» Aim of the exercise: From the material below, return exactly the lines starting at the one that holds "This graph, provided" and ending at the one that holds "全5種のうち何が当たるのかは". Pictures stay out of the answer.

Top of Supplied records

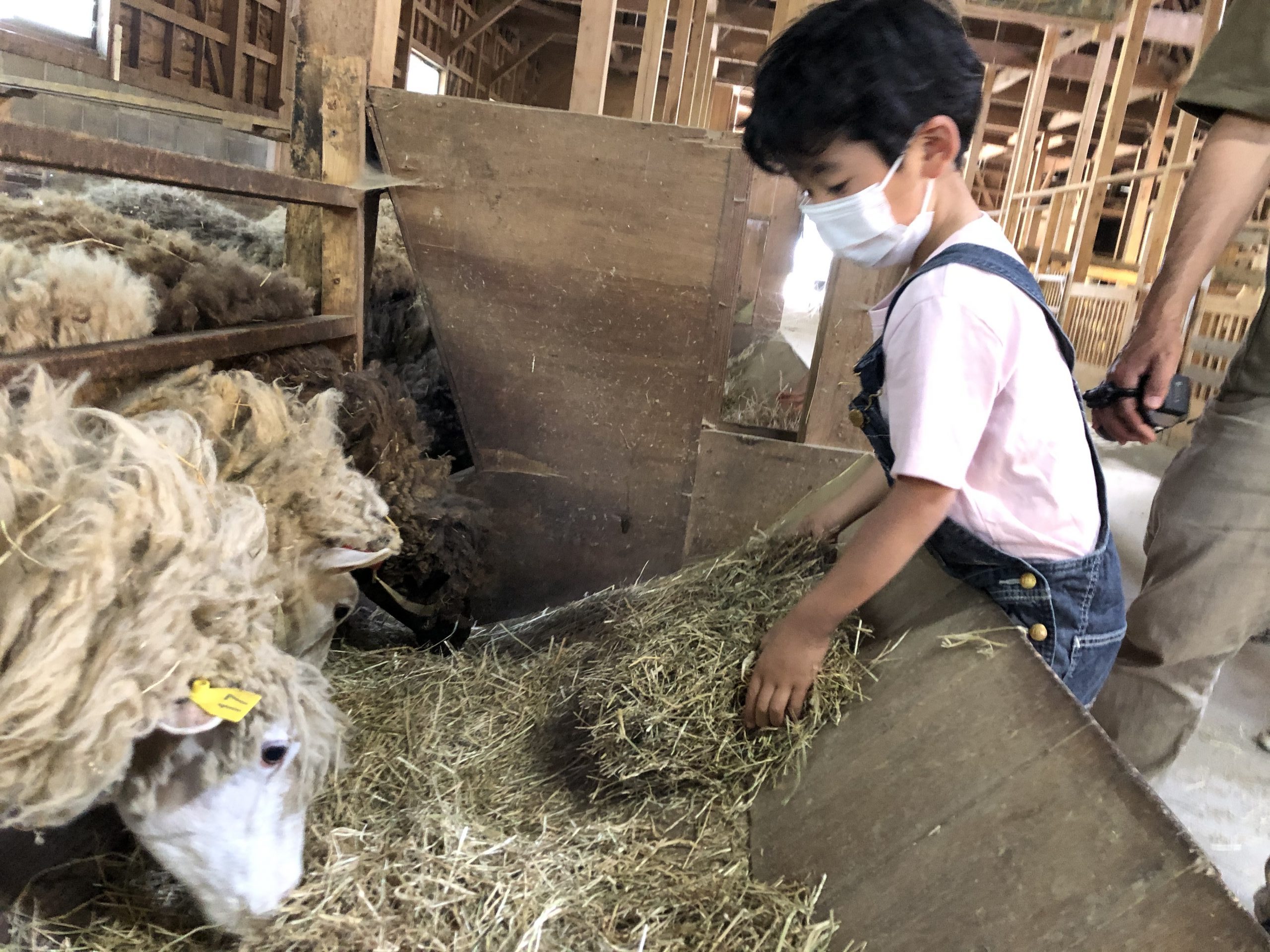 説明を聞いた後、羊たちに朝ご飯をあげる♪
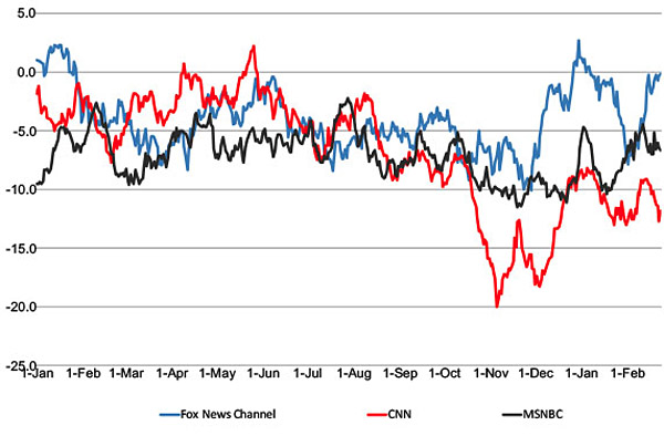 This graph, provided by internet research firm Yougov.com, clearly shows CNN’s viewership had significantly tumbled below MSNBC from November 2016 through February 2017. CNN is the red line. MSNBC is in black and Fox News is in blue.
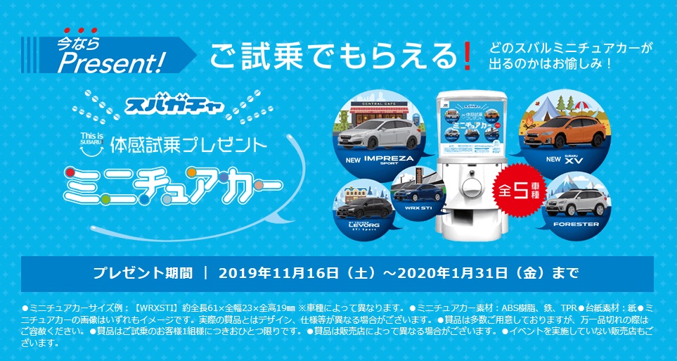 全5種のうち何が当たるのかはSUBARUオリジナルガチャ、その名も『スバガチャ』を回してのお楽しみ!!
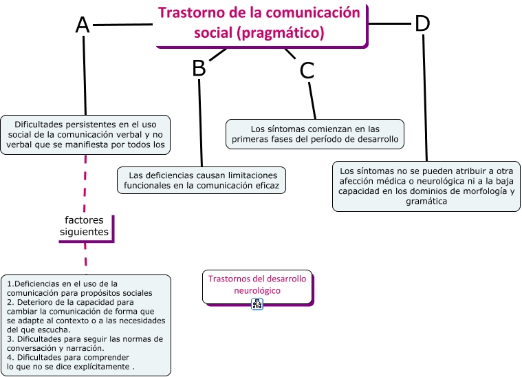 Este Cmap, tiene información relacionada con: Trastorno de la comunicación social (pragmático), Trastorno de la comunicación social (pragmático) D Los síntomas no se pueden atribuir a otra afección médica o neurológica ni a la baja capacidad en los dominios de morfología y gramática, Trastorno de la comunicación social (pragmático) A Dificultades persistentes en el uso social de la comunicación verbal y no verbal que se manifiesta por todos los, Trastorno de la comunicación social (pragmático) B Las deficiencias causan limitaciones funcionales en la comunicación eficaz, Dificultades persistentes en el uso social de la comunicación verbal y no verbal que se manifiesta por todos los factores siguientes 1.Deficiencias en el uso de la comunicación para propósitos sociales 2. Deterioro de la capacidad para cambiar la comunicación de forma que se adapte al contexto o a las necesidades del que escucha. 3. Dificultades para seguir las normas de conversación y narración. 4. Dificultades para comprender lo que no se dice explícitamente ., Trastorno de la comunicación social (pragmático) C Los síntomas comienzan en las primeras fases del período de desarrollo
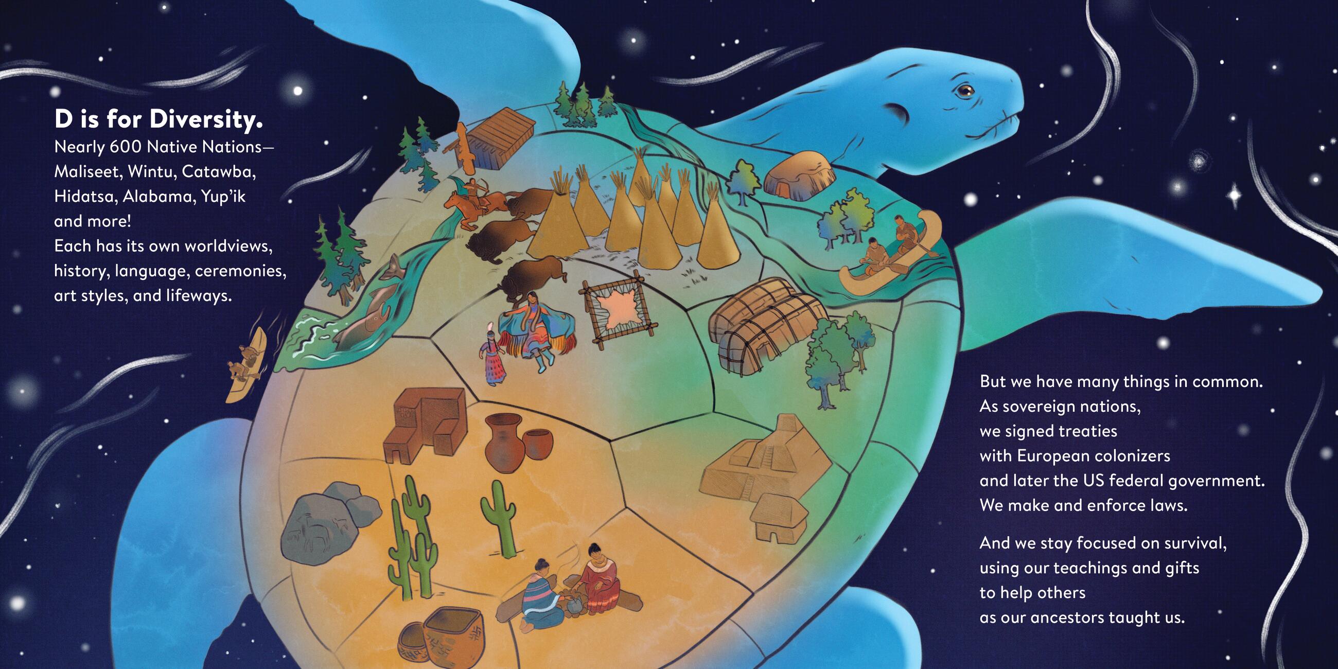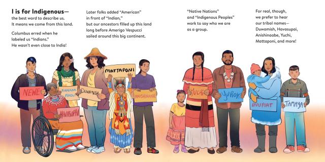 Welcome to Indigenous from A to Z, a stunning alphabetical introduction to the rich history of Native peoples across the USA. Letter by letter, award-winning author Traci Sorell (Cherokee) offers terms that speak to both the vast diversity among Native Nations and the many connections they share, building an essential foundation of understanding for young readers. From the past shown in B is for Before 1492 and C is for Colonialism, to the vibrant culture revealed in J is for Joking and M is for Music, to the dynamic future promised by O is for Organize and R is for Reclaim, this powerful book captures the legacy and living history of Indigenous peoples today. The sweeping illustrations by artist Natasha Donovan (Métis) encompass both the vastness of the changes Indigenous people have experienced and the specificity of individual artists, scientists, and other significant figures. Rich backmatter explains the visual and textual references. The book concludes with a Z to A listing of twenty-six Native Nations, coming full circle to say:
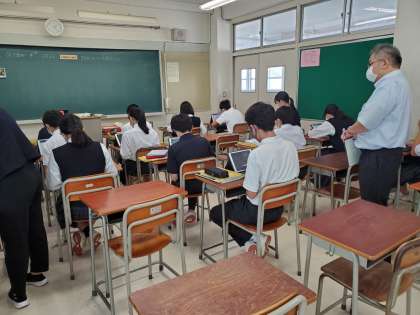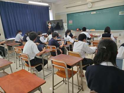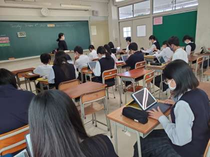 授業の最初にiPadのなかのQubenaを使って振り返り学習しています。
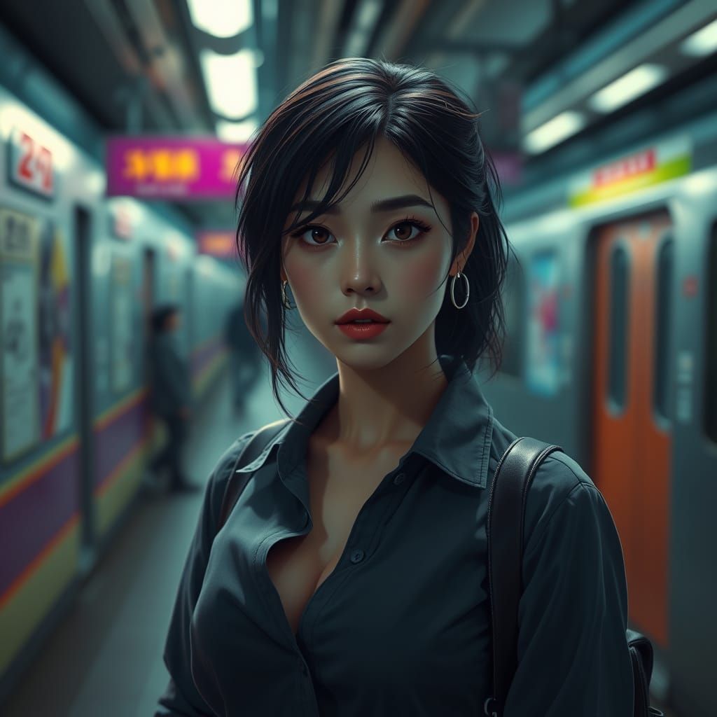 A hyperrealistic, detailed image of a lonely Japanese businesswoman on a subway platform, created in a dark fantasy concept art style with dramatic lighting and complementary colors.
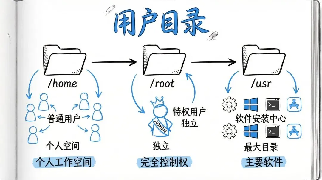 第二部分:用户目录。/home: 这是每个普通用户的个人工作空间。系统会为每个用户创建一个以其用户名命名的子目录,用户对自己的家目录拥有完全控制权,用于存放个人文件、配置和私有文件。/root: 系统管理员(root)的主目录。这是特权用户root的家,独立于 /home 之外,这里存的是管理员的私人文件和配置,普通用户没有权限访问。/usr: 这是 Linux 最大的目录之一,里面放的是用户级别的软件、库、命令。该目录就是“系统主要软件安装中心”。很多你安装的软件都会自动放到这里。
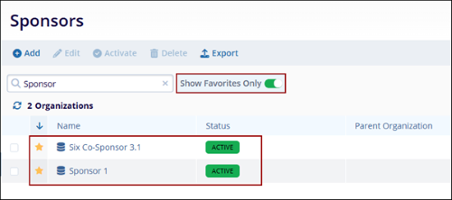- On the Sponsors screen, click on the Filter button to apply filters.
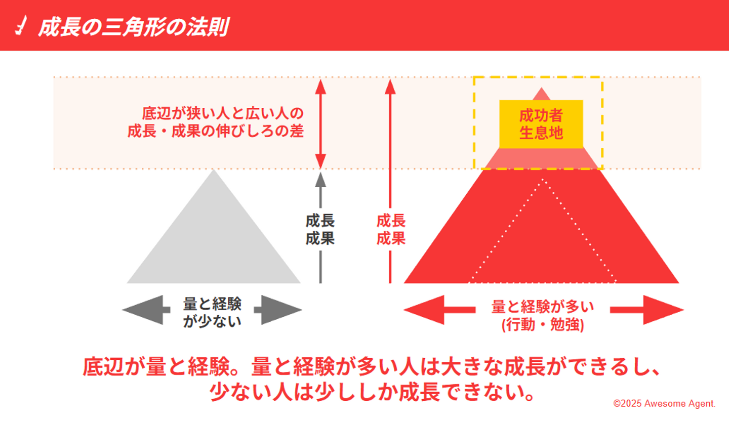 成長・成果の伸びしろを表現する方法として「成長の三角形の法則」という考え方があります。行動の量と経験を三角形の底辺とした場合、量と経験が少なければ三角形は小さくなってしまうでしょう。それに比べて、その底辺となる行動量と経験が多ければ多いほど、出来上がる三角形も大きいですよね。自分が目指す社会人へと急成長するためには、入社する会社がどれだけ”行動の量”と”経験”を増やせる環境なのか。それを見極めなければいけません。

Bottom of Supplied records

» Exercise answer:
 This graph, provided by internet research firm Yougov.com, clearly shows CNN’s viewership had significantly tumbled below MSNBC from November 2016 through February 2017. CNN is the red line. MSNBC is in black and Fox News is in blue.
 全5種のうち何が当たるのかはSUBARUオリジナルガチャ、その名も『スバガチャ』を回してのお楽しみ!!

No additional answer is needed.